ASSIGNED TASK - For every line in the material, output its text exactly and exclude any image it holds.

SUPPLIED DATA -
--------------------------------------------------
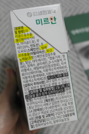 건강기능식품을 먹는 목적은 주원료의 효능을 기대하기 때문이다.”주원료”는 허가된 효과를 나타내기 위해 어느 정도 이상의 함량을 넣어야 한다는 함량기준이 있으며 제조사는 제품이 만들어지면 함량기준에 제품이 합치되는지를 시험하여 평가한다. 만약 시험 결과의 함량 기준을 충족하지 못하면 제품을 유통할 수 없다. (예. “주원료 루테인 20mg함유, 황달 색소밀도를 유지하여 눈 건강에 도움을 준다” – 아, 루테인이 20mg 들어있으므로 이 약을 먹으면 눈 건강에 도움이 되는구나! 하고 사서 먹는 것이 ㅋㅋㅋ) 반면에 “부원료”, 즉 첨가제는 효과를 보증하는 함량기준이 없으며 따라서 생산된 완제품을 가지고 함량시험으로 함량시험도 없다. 또한 함량 표시도 되어 있지 않아 얼마나 들어 있는지 알 수 없다. “부원료 빌베리 추출물, 피크노제놀 함유” – 뭔가 좋은 게 좀 들어간 것 같아 – 근데 얼마 들어갔는지도 모르잖아 뭐 이런 걸로 괜찮다고 홍보하고 난리났어. 무엇이 중요한가)눈의 영양제 루테인, 빌베리 엑기스를 어떻게 먹을까.루테인 노화로 인한 시세포 손상을 예방하기 위해 루테인을 먹을 경우 하루 1020mg의 건강식품을 선택해 먹으면 된다. 노화로 인한 시세포 손상을 막기 위해 가족력 등 특별한 이유가 없다면 40대부터 복용할 것을 권한다. (나도 아직 못 먹었다.) 또 어떤 제품이 좋은지 물으면 국내 제품이라면 품질에 큰 차이가 없다고 답한다. 한국의 건강기능식품은 제조회사 여러 곳이 대부분 oem 방식으로 생산하기 때문에 판매회사만 다를 뿐 같은 제품이 매우 많다. 단, 해외 제품은 생산처나 수출국에 따라 품질관리 기준이 다르기 때문에 퀄리티를 판단하기 어려우니, 가급적 한국 식약처 기준에 맞게 생산과 품질 관리를 하는 국산 제품을 드시기 바랍니다. 증상에 따라 아스타크산틴(눈이 침침하고 피로가 심한 경우), 오메가3(눈이 뻑뻑하고 건조한 경우)가 함께 들어간 제품을 선택할 수 있다.
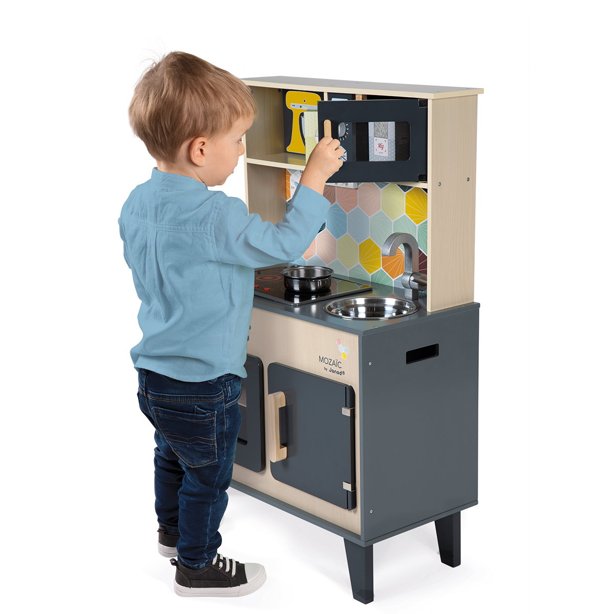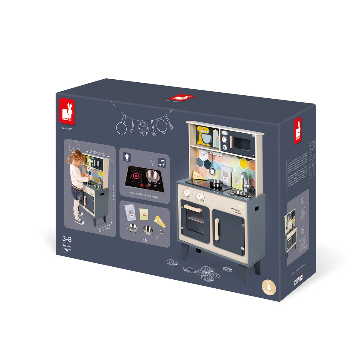 So wie Papa und Mama – bereite leckere kleine Gerichte für deine Freunde vor und werde ein echter Küchenchef!!! Mozaïc-Supergrosse Küche ganz aus Holz mit Hängelement zum Aufhängen von 1 Schaumkelle, 1 Topf und 1 Sieb und 3 Lebensmittelkartons (Käse, Mehl, Reis). Wie eine echte Küche besitzt sie einen Herd mit Geräuscheffekt und LED: Man muss lediglich einmal auf die roten Knöpfe drücken, damit sich die Platten einschalten, dann ein zweites Mal drücken, um das Geräusch von kochendem Wasser zu hören. Das Geräusch und die Kochplatten schalten sich automatisch nach etwa 30 Sekunden aus oder wenn Sie ein drittes Mal die roten Knöpfe drücken. Diese hübsche Küche mit umfangreicher Ausstattung umfasst einen Backofen, eine Mikrowelle, einen Geschirrschrank und einen Kühlschrank mit magnetischen Türen, drei Drehknöpfe mit Geräuschen, eine Edelstahlspüle und eine Uhr. 6 Zubehöre. Höhe der Arbeitsfläche: 50 cm. 2 LR6 - 1,5V alkalische Batterien werden benötigt. Batterien sind nicht im Lieferumfang enthalten. Dim: 55 x 30 x 87 cm.
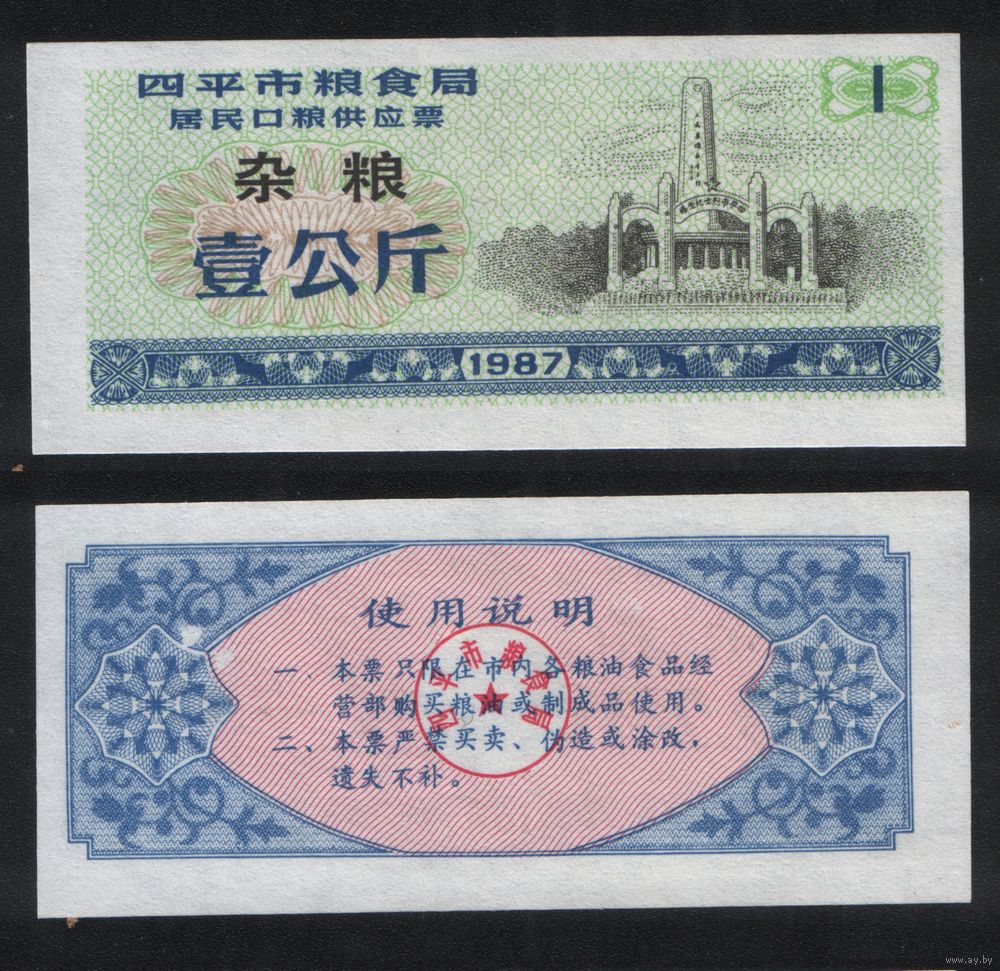 Китай 1987 год г.Сыпин(Siping)пров.Гирин прод.талон (разн.зерно) на 1ед=1кг ТОРГ
--------------------------------------------------
RESULT BELOW -
 건강기능식품을 먹는 목적은 주원료의 효능을 기대하기 때문이다.”주원료”는 허가된 효과를 나타내기 위해 어느 정도 이상의 함량을 넣어야 한다는 함량기준이 있으며 제조사는 제품이 만들어지면 함량기준에 제품이 합치되는지를 시험하여 평가한다. 만약 시험 결과의 함량 기준을 충족하지 못하면 제품을 유통할 수 없다. (예. “주원료 루테인 20mg함유, 황달 색소밀도를 유지하여 눈 건강에 도움을 준다” – 아, 루테인이 20mg 들어있으므로 이 약을 먹으면 눈 건강에 도움이 되는구나! 하고 사서 먹는 것이 ㅋㅋㅋ) 반면에 “부원료”, 즉 첨가제는 효과를 보증하는 함량기준이 없으며 따라서 생산된 완제품을 가지고 함량시험으로 함량시험도 없다. 또한 함량 표시도 되어 있지 않아 얼마나 들어 있는지 알 수 없다. “부원료 빌베리 추출물, 피크노제놀 함유” – 뭔가 좋은 게 좀 들어간 것 같아 – 근데 얼마 들어갔는지도 모르잖아 뭐 이런 걸로 괜찮다고 홍보하고 난리났어. 무엇이 중요한가)눈의 영양제 루테인, 빌베리 엑기스를 어떻게 먹을까.루테인 노화로 인한 시세포 손상을 예방하기 위해 루테인을 먹을 경우 하루 1020mg의 건강식품을 선택해 먹으면 된다. 노화로 인한 시세포 손상을 막기 위해 가족력 등 특별한 이유가 없다면 40대부터 복용할 것을 권한다. (나도 아직 못 먹었다.) 또 어떤 제품이 좋은지 물으면 국내 제품이라면 품질에 큰 차이가 없다고 답한다. 한국의 건강기능식품은 제조회사 여러 곳이 대부분 oem 방식으로 생산하기 때문에 판매회사만 다를 뿐 같은 제품이 매우 많다. 단, 해외 제품은 생산처나 수출국에 따라 품질관리 기준이 다르기 때문에 퀄리티를 판단하기 어려우니, 가급적 한국 식약처 기준에 맞게 생산과 품질 관리를 하는 국산 제품을 드시기 바랍니다. 증상에 따라 아스타크산틴(눈이 침침하고 피로가 심한 경우), 오메가3(눈이 뻑뻑하고 건조한 경우)가 함께 들어간 제품을 선택할 수 있다.
 So wie Papa und Mama – bereite leckere kleine Gerichte für deine Freunde vor und werde ein echter Küchenchef!!! Mozaïc-Supergrosse Küche ganz aus Holz mit Hängelement zum Aufhängen von 1 Schaumkelle, 1 Topf und 1 Sieb und 3 Lebensmittelkartons (Käse, Mehl, Reis). Wie eine echte Küche besitzt sie einen Herd mit Geräuscheffekt und LED: Man muss lediglich einmal auf die roten Knöpfe drücken, damit sich die Platten einschalten, dann ein zweites Mal drücken, um das Geräusch von kochendem Wasser zu hören. Das Geräusch und die Kochplatten schalten sich automatisch nach etwa 30 Sekunden aus oder wenn Sie ein drittes Mal die roten Knöpfe drücken. Diese hübsche Küche mit umfangreicher Ausstattung umfasst einen Backofen, eine Mikrowelle, einen Geschirrschrank und einen Kühlschrank mit magnetischen Türen, drei Drehknöpfe mit Geräuschen, eine Edelstahlspüle und eine Uhr. 6 Zubehöre. Höhe der Arbeitsfläche: 50 cm. 2 LR6 - 1,5V alkalische Batterien werden benötigt. Batterien sind nicht im Lieferumfang enthalten. Dim: 55 x 30 x 87 cm.
 Китай 1987 год г.Сыпин(Siping)пров.Гирин прод.талон (разн.зерно) на 1ед=1кг ТОРГ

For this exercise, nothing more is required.